Three would-be robbers ignited a popular Fifth Avenue religious store early last Thursday after the owner refused to give them any money — and luckily, no one was injured in a fire that consumed the 25-year-old botanica and the apartments upstairs.
Police said that three unarmed men tried to rob Botanica La Fe, which sold candles and small figurines, on Nov. 15 at 5 pm, but when the two employees, one 56 and the other 83, refused to comply, the would-be robbers stole a cellphone, doused the victims and the shop with gasoline, and then set the shop on fire.

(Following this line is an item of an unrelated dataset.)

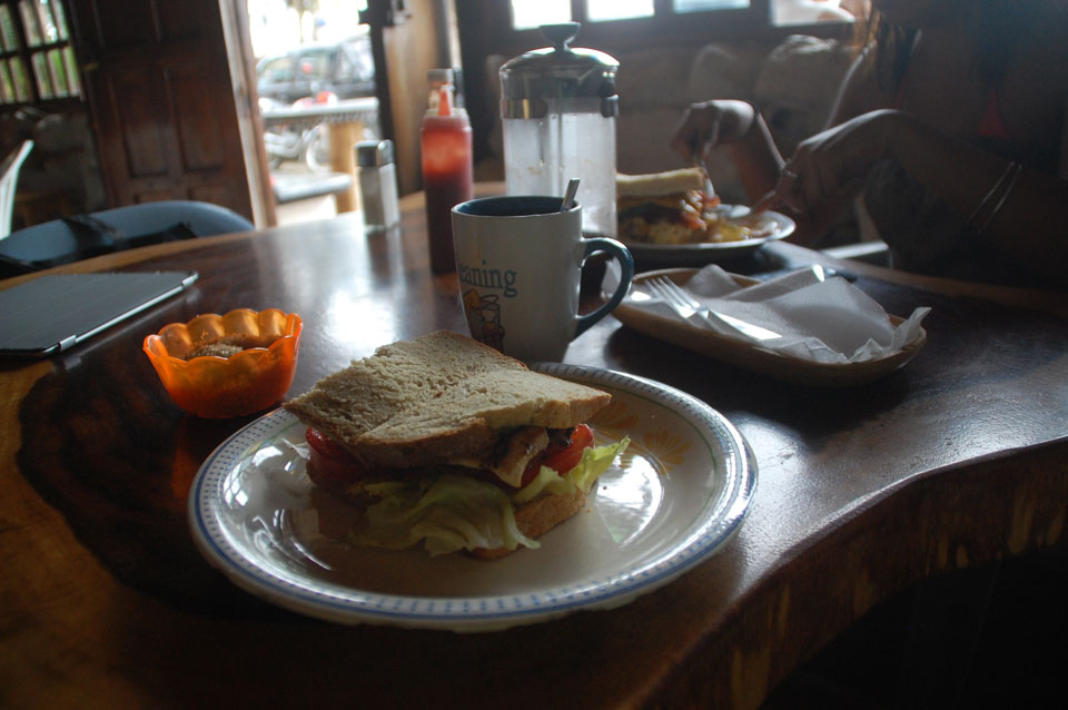 Trübe sah es heute aus. Das Wetter an der Küste wird erst gegen Oktober wieder besser und es gab heute keine schöne Überraschung – alles wie erwartet. Wir gigne im Surf Shak frühstücken und ich organisierte gleich einige emails auf dem iPad.

George Winter, the owner of Brooklyn Frame Works, which sits right next to the botanica, between Sterling Place and Douglass Street, had been working with a client when he heard a loud explosion and the sound of shattering glass.
“I ran outside and saw there was a fire and saw people running away, and I grabbed a fire extinguisher and tried to put it out,” said Winter the following afternoon. “The fire was out of control within seconds.”

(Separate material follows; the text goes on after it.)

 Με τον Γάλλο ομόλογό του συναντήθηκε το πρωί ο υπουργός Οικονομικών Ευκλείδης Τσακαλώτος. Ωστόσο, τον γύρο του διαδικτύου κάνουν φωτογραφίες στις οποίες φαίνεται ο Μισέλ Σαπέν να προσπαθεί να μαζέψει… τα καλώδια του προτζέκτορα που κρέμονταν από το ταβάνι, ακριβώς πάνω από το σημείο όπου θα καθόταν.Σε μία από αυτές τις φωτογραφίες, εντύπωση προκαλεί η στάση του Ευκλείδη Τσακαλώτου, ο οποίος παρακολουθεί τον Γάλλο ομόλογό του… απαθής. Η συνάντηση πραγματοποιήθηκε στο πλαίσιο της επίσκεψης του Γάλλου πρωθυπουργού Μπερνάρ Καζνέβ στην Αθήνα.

By 8:40 pm, when Eve Stahlberger, 32, walked down the block to her apartment above the botanica, the fire was out, and her building was nothing but a “charcoal briquette.”
“On my way down the street, I saw fire trucks and thought, ‘Oh there’s a fire on my block,’” recalled Stahlberger, a yoga teacher who’s lived in the building for seven years. “Then I get closer, and I thought, ‘Oh, the botanica blew up.’
“And then, I see that my windows are shattered and covered in plastic.”
Stahlberger spent the next few hours removing her few un-charred items from the building and was thankful for one thing: “The two dogs and the cat in the building were fine,” she said.
Former patrons of the religious shop were saddened by news of the fire.
Stefanie Abraham walked by the shop on Friday evening, passing between the blackened, melted awning, and a charred Gingko tree.
“My son, he’s 4, and he really likes the Santeria statues,” said Abraham.
“The man who ran the botanica was part of the neighborhood. He was so nice to my son. I never knew his name, and he never knew mine.”